RedskyThisNight · 26/02/2022 10:49

[quote whysoserious123]@Spellfish

Primary school = NO
High school = YES[/quote]
So starting high school makes a child miraculously more sensible and grown up?

or actually it might make sense to build up your child's independence during primary school before suddenly giving them lots all in one go.

Coursepregnancy1 · 26/02/2022 11:04

As she is with a friend and is sensible I’d be fine with it, perhaps not alone on an isolated road. What do the friends parents think?

MaizeAmaze · 26/02/2022 11:12

When you say 10 mins along the road, are you meaning no pavement there either? That would be the deal breaker for me.

Justkeeppedaling · 26/02/2022 11:20

I think it's fine too. As PPs have said - most kids just a few months older walk to school alone.

I had a real struggle with the DCs primary school about letting them walk to and from school alone. About a 10 min walk through a residential estate.
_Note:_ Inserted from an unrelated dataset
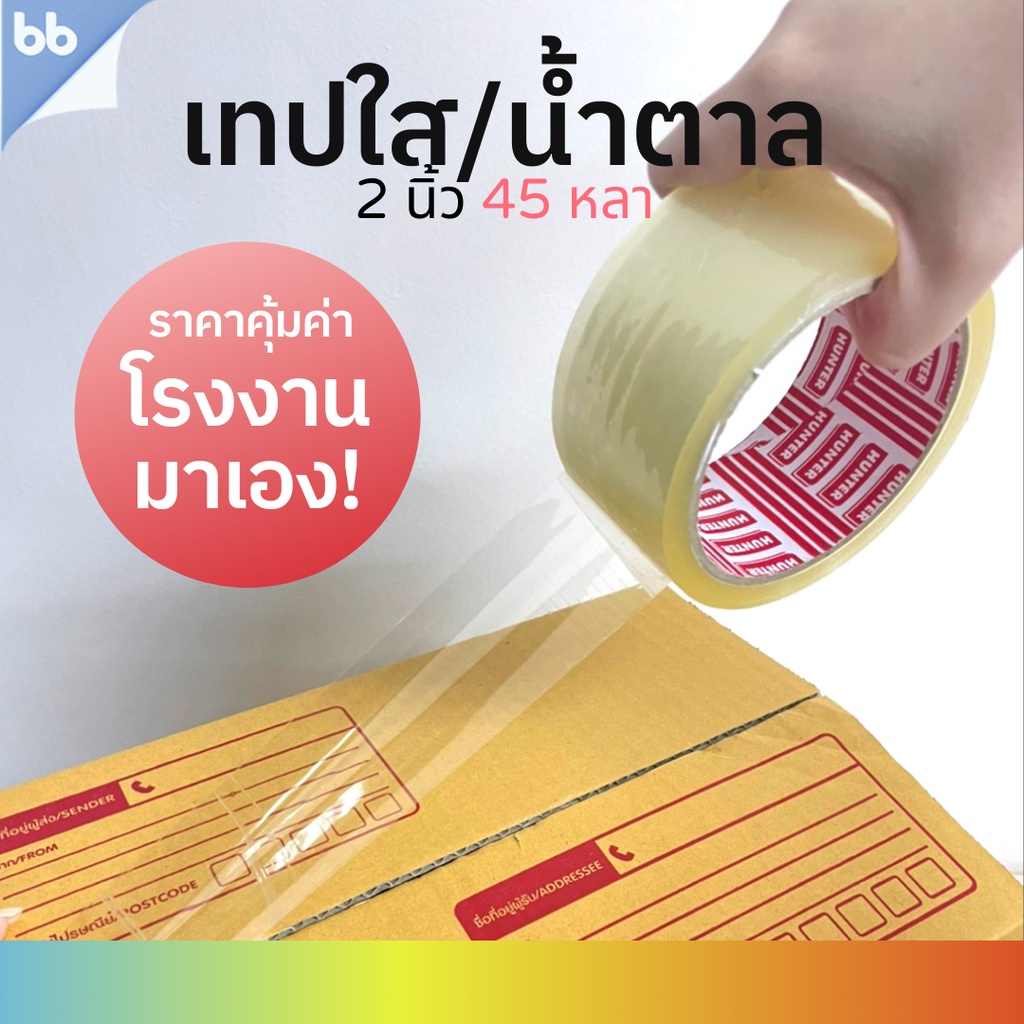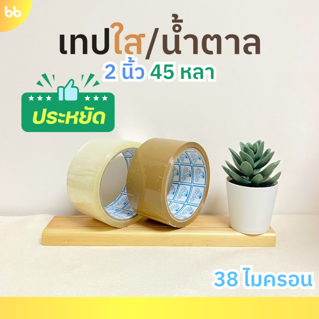 เทปใส/เทปน้ำตาล(ม้วน) 2 นิ้ว 45 หลา 5 รุ่น 38,40,43,45,50 ไมครอน OPP tape ปิดกล่อง ติดกล่อง เทปขุ่น

They wouldn't let them leave school property when they found out, and called me at work - when they noticed on about the 3rd day! (I wasn't aware of the rule).
A friend then offered to "keep an eye on" my DCs as she was walking the same way with her own kids - we fell out over that for a while because I declined her offer (she did it anyway 😡).
I felt it was up to me to assess the risk and to decide if my kids were up to the job.
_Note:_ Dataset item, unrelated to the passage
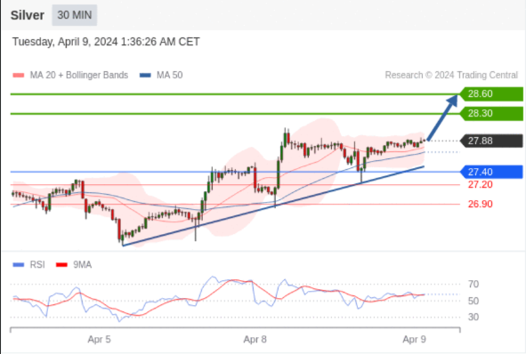 在 27.40 之上,看涨,目标价位为 28.30 ,然后为 28.60 。

So after that rant - what I mean is that you know your child OP, and you know the route, so make your own mind up.

Aroundtheworldin80moves · 26/02/2022 11:23

To clarify... there is a pavement separated from the road by a grass verge. It is used by loads of kids from that village to get to the Secondary school daily.
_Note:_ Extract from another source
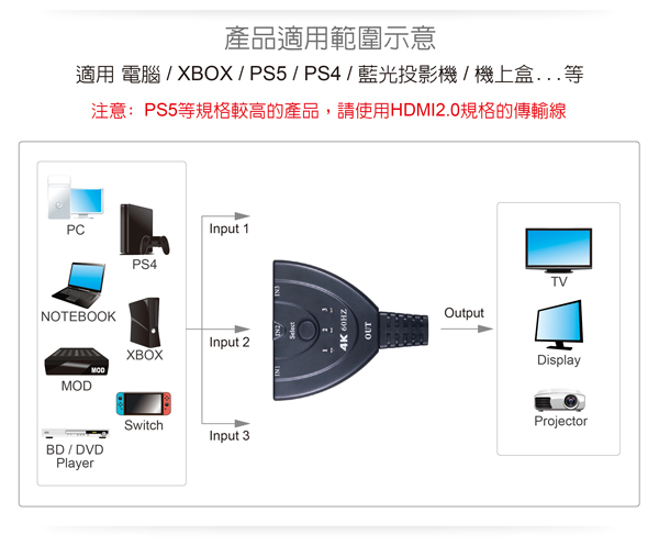 (注意: PS5等規格較高的產品,請使用HDMI2.0規格的傳輸線)

Friend already does it alone. Shes one of the oldest in the school year, DD one of the youngest (and smallest at a mere 4ft11). My DD has asked to do it with her friend.

My misgivings relate more to my own anxiety about such things than any real perceived danger and I work hard to separate my irrational thoughts from reality. If it was school I'd be fine with her doing the identical walk.

OP posts:
Svara · 26/02/2022 12:28

The only difference between going to school and Scouts would be if it was very quiet at 6pm (obviously with school there are many more children going the same way) though I wouldn't expect it would be.

Amazed she is the smallest at 4ft 11. DS was 5ft on his 13th birthday.

arethereanyleftatall · 26/02/2022 12:42

Off the point, but wow, that is a tall class!! My 11yo dd is still in a booster seat at 132cm. She is the smallest in the class but most of them are under 5 foot.

But I agree with you, their height does make a difference. Mine is very sensible, but looking about potentially 7/8 years old does make her more vulnerable.

arethereanyleftatall · 26/02/2022 12:43

I know they're under 5 foot as I am that, and most of them are smaller than me.

DelilahBucket · 26/02/2022 12:56

The ten minute walk not within a residential area would concern me. A car could easily pull over and none of the other car drivers would bat an eyelid.

RedskyThisNight · 26/02/2022 12:56

I'd think looking younger might work to her advantage. The most likely danger is people trying to take a phone off her, and if they think she is 7/8 they are likely to think she doesn't have one. Also other passersby will tend to be more protective (this certainly works for my same height DD who is actually 16, but still gets mistaken as a Year 7).

*I'm assuming you'll tell her that she should not walk along looking at her phone.

Svara · 26/02/2022 13:00

I'd assume a child of 4ft 11 was 11/12 not 7/8.

Justkeeppedaling · 26/02/2022 13:05

Friend already does it alone. Shes one of the oldest in the school year, DD one of the youngest (and smallest at a mere 4ft11). My DD has asked to do it with her friend

That's only 2" shorter than me, and I'm 60. The class must be particularly tall or I'm shorter than I thought I was.